Suara teriakan pilu dari kamar mandi sebelah membuatku merasa takut. Ceklek! Aku membuka pintu dan segera lari menuju Aulia, Nafisah, Kharisa, dan Sher.
Tadi, kami memutuskan naik angkot, karena tak ada taksi lewat. Di angkot, hape Nafisah berbunyi terus. Padahal setelah dicek tidak ada telepon atau pesan yang masuk, tidak juga alarm. Saat angkot berbelok ke tempat pengisian bensin, kami berlima turun. Dan kau pasti tahu apa yang terjadi selanjutnya? Ya, ke toilet! Teriakan pilu tadi, kudengar saat aku di toilet. Asalnya dari kamar mandi di sebelahku.
Aku merasa lega karena sudah bebas dari suara teriakan pilu yang konyol itu. Kalau aku memikirkannya, pasti imajinasiku melesat jauh. Hiiiy.
“Haai! Gimana, nih? Ada kabar yang paling update tentang hape Nafisah enggak?” tanyaku.
“Belum. Sekarang malah diiringi getaran. Padahal, Nafisah enggak pernah mengaktifkan getaran kalau ada panggilan masuk,” jawab Kharisa.
“Terus, ada enggak nama penelepon atau pengirim SMS?”
Pandangan mata Nafisah yang semula menatap hape, kini beralih kepadaku. “Enggak ada,” jawabnya.
Drrrt! Hape Nafisah kembali bergetar, disusul ringtone lagu. Nafisah menatap hapenya, kemudian jarinya mengeklik layar. Nafisah agak menjauh dari kami berempat.
Beberapa menit kemudian, Nafisah kembali bergabung dengan kami.

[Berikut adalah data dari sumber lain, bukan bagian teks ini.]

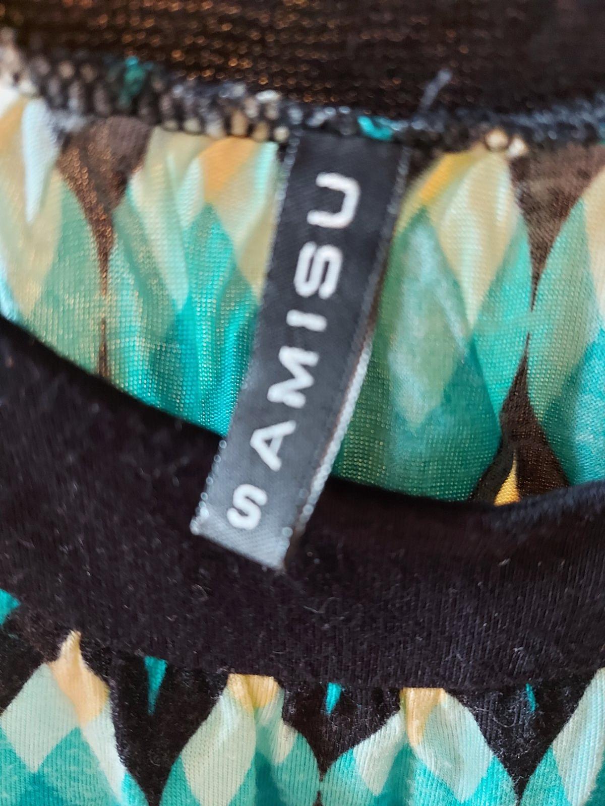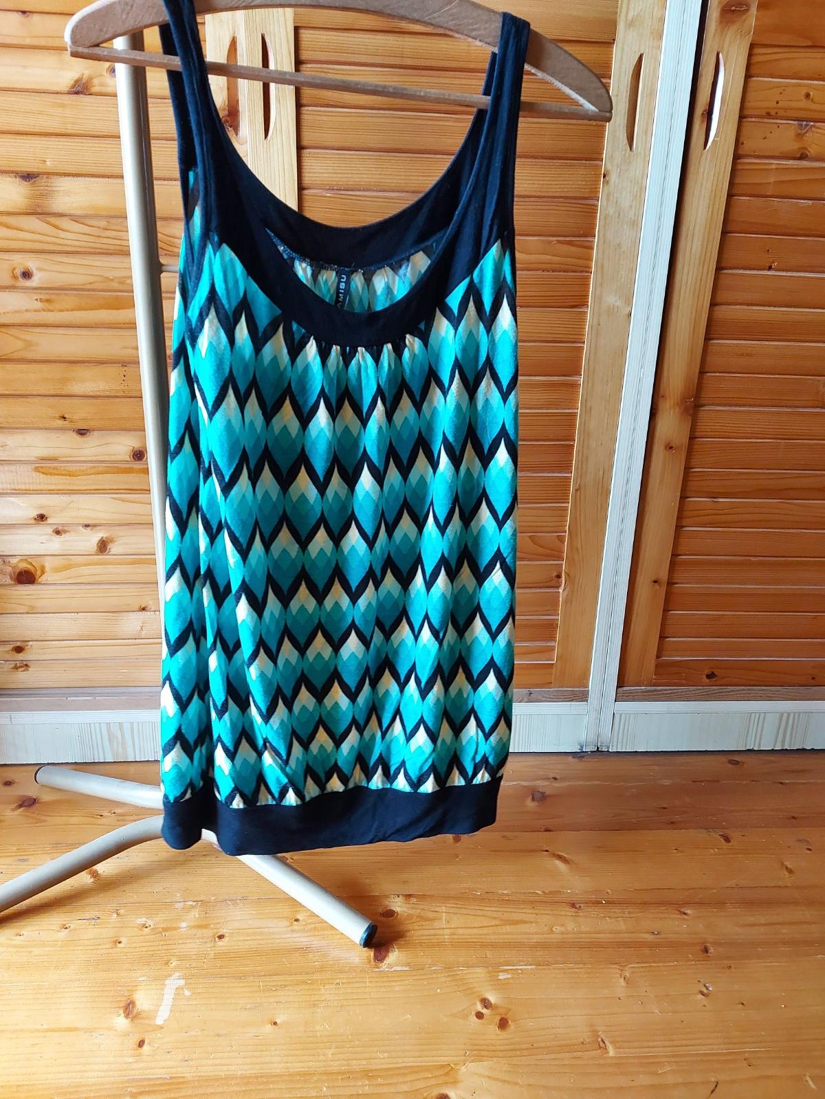 top AMISU na hrubšie ramienka, S/M, voľný strih, elastické, zeleno-čierno-žlté, š. pod pazuchami v kľude - 42, dĺžka - 72 aj s ramienkami, top dole ukončený patentom

Bibirnya maju beberapa senti, mukanya ditekuk.
“Naf, kamu kenapa?” serbu Sher.
“Tadi, yang nelepon itu bundaku. Sekarang, Bunda dan Ayah pergi ke luar kota, membesuk Nenek. Kunci rumah dibawa Bunda,” jelas Nafisah.
“Yaah …!”
Rencananya, kami akan ke rumah Nafisah. Kalau kunci rumah dibawa bundanya, kami tak bisa masuk rumah. Gimana, dong?
“Kita bisa menginap di apartemen keluargaku. Mau enggak? Kebetulan dekat dari sini,” usul Nafisah.
Ucapan Nafisah membuat kami tersenyum.
“Naf, berarti yang tadi nelepon kamu berkali-kali, Bunda kamu?” Aulia membuka topik pembicaraan baru.
“Oh, iya. Aku baru inget. Pas tadi aku tanyakan, Bunda baru satu kali menelepon,” sahut Nafisah.
“Haah?!”
***
“Naf, kamar kamu di lantai berapa?”
Klik! Nafisah memencet tombol yang ada di pinggir lift. “Hmm … di lantai tiga belas,” jawab Nafisah.
Kami semua ber-ooh panjang.
Tak lama, pintu lift terbuka. Aku, Aulia, Nafisah, Kharisa, dan Sher langsung masuk. Untung saja lift kosong, jadi tidak berdesakan.
Sreeet! Pintu lift tertutup. Aku memencet angka 13. Lift naik sangat cepat.
“Aaaa …!” semua menjerit, gemanya memenuhi lift. Kami berlima sampai terduduk karena pusing. Tepat saat kami duduk, lift kembali normal. Namun, lampu lift mati. Spontan, kami saling berpegangan tangan. Keringat dingin bercucuran dari pelipisku.
Ini benar-benar gelap, batinku.
Lampu menyala lagi. Namun, kali ini lampu lift redup, tidak seterang tadi.
“Kagome ... kagome … kago no naka …,” terdengar suara nyanyian Aulia.
Bersamaan dengan itu, lampu kembali mati.
“Aulia, di ruangan gelap ini kamu masih sempat bernyanyi lagu seram itu? Konyol!” seruku kesal.
“Enggak, ih. Siapa lagi yang nyanyi,” jawab Aulia.
Saat Aulia menjawab, suara nyanyian itu masih terdengar, bahkan lebih keras lagi. Anehnya, suara itu mirip suara Aulia. Terdengar napas terengah-engah setelah nyanyian itu selesai. Lampu kembali menyala. Sekarang, sinar lampu benar-benar terang.
Tok! Tok! Tok! Terdengar ketukan sebanyak tiga kali. Kami berlima berdiri, lalu melihat sekeliling.